▶ **PROBLEM STATEMENT**
Each line of the data below goes into the copy exactly; pictures do not.

▶ **DATA FOR PROCESSING**
++++++++++++++++++++

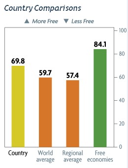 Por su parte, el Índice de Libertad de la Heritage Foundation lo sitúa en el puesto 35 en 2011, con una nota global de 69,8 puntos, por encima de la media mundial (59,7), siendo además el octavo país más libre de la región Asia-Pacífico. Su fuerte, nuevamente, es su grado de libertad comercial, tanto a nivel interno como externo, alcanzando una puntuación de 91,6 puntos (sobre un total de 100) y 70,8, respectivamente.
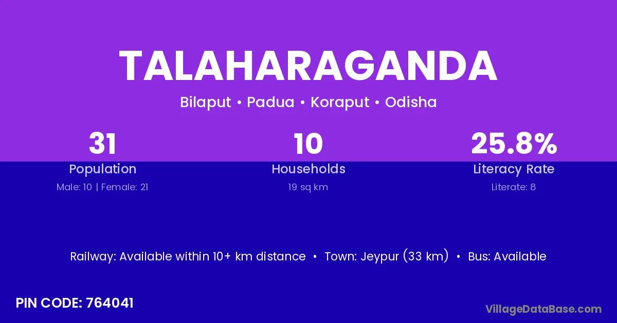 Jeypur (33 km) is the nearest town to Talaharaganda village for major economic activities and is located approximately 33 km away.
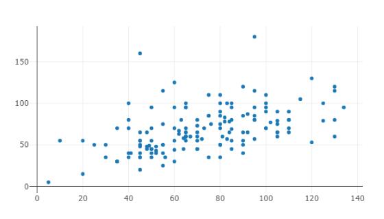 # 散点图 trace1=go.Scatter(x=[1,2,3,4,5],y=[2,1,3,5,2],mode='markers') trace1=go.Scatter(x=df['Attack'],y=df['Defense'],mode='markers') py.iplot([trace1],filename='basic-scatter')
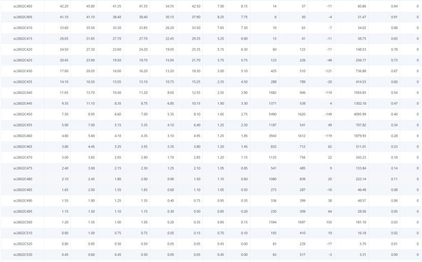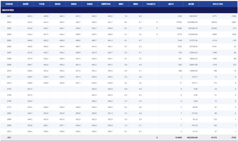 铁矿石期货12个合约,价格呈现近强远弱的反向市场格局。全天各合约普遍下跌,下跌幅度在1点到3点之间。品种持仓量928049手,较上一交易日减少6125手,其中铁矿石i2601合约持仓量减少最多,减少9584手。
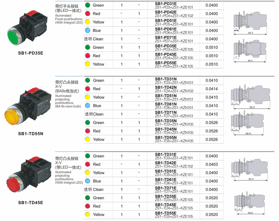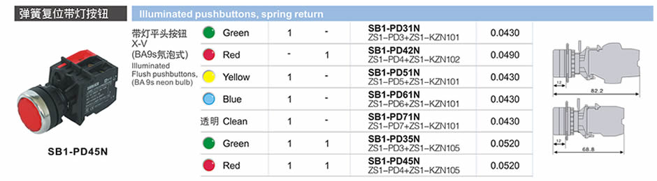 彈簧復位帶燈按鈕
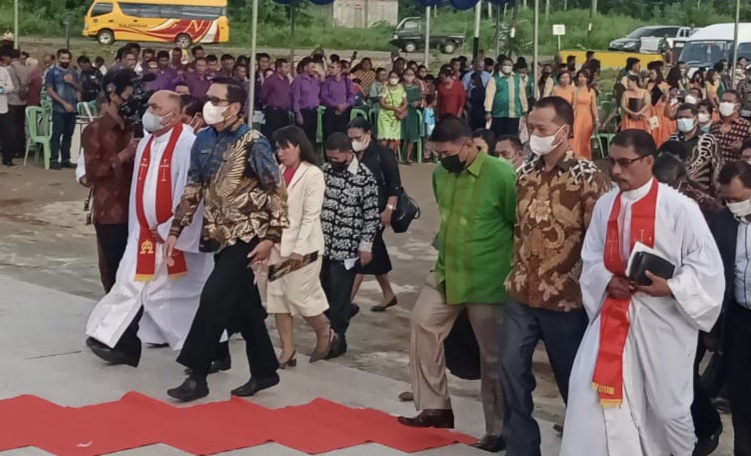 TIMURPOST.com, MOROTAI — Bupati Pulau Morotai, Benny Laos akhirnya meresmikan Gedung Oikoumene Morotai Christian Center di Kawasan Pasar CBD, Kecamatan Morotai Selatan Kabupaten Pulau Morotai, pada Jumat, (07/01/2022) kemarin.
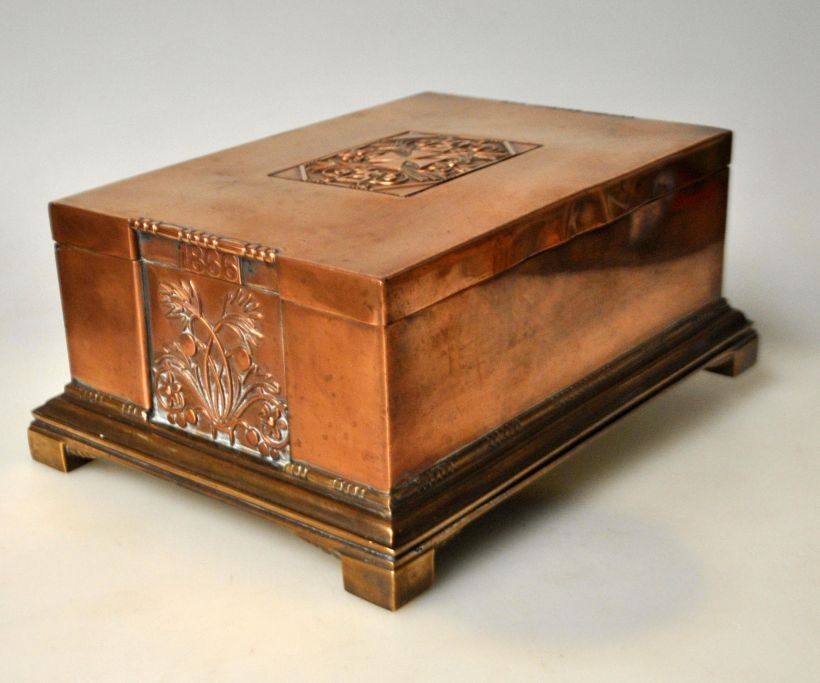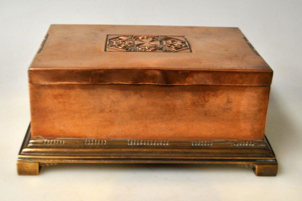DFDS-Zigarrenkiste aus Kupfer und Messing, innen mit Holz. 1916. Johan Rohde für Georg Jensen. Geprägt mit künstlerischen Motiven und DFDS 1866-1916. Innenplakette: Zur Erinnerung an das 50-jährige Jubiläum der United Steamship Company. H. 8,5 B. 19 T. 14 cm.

++++++++++++++++++++

▶ **SOLUTION TO THE EXERCISE**
 Por su parte, el Índice de Libertad de la Heritage Foundation lo sitúa en el puesto 35 en 2011, con una nota global de 69,8 puntos, por encima de la media mundial (59,7), siendo además el octavo país más libre de la región Asia-Pacífico. Su fuerte, nuevamente, es su grado de libertad comercial, tanto a nivel interno como externo, alcanzando una puntuación de 91,6 puntos (sobre un total de 100) y 70,8, respectivamente.
 Jeypur (33 km) is the nearest town to Talaharaganda village for major economic activities and is located approximately 33 km away.
 # 散点图 trace1=go.Scatter(x=[1,2,3,4,5],y=[2,1,3,5,2],mode='markers') trace1=go.Scatter(x=df['Attack'],y=df['Defense'],mode='markers') py.iplot([trace1],filename='basic-scatter')
 铁矿石期货12个合约,价格呈现近强远弱的反向市场格局。全天各合约普遍下跌,下跌幅度在1点到3点之间。品种持仓量928049手,较上一交易日减少6125手,其中铁矿石i2601合约持仓量减少最多,减少9584手。
 彈簧復位帶燈按鈕
 TIMURPOST.com, MOROTAI — Bupati Pulau Morotai, Benny Laos akhirnya meresmikan Gedung Oikoumene Morotai Christian Center di Kawasan Pasar CBD, Kecamatan Morotai Selatan Kabupaten Pulau Morotai, pada Jumat, (07/01/2022) kemarin.
DFDS-Zigarrenkiste aus Kupfer und Messing, innen mit Holz. 1916. Johan Rohde für Georg Jensen. Geprägt mit künstlerischen Motiven und DFDS 1866-1916. Innenplakette: Zur Erinnerung an das 50-jährige Jubiläum der United Steamship Company. H. 8,5 B. 19 T. 14 cm.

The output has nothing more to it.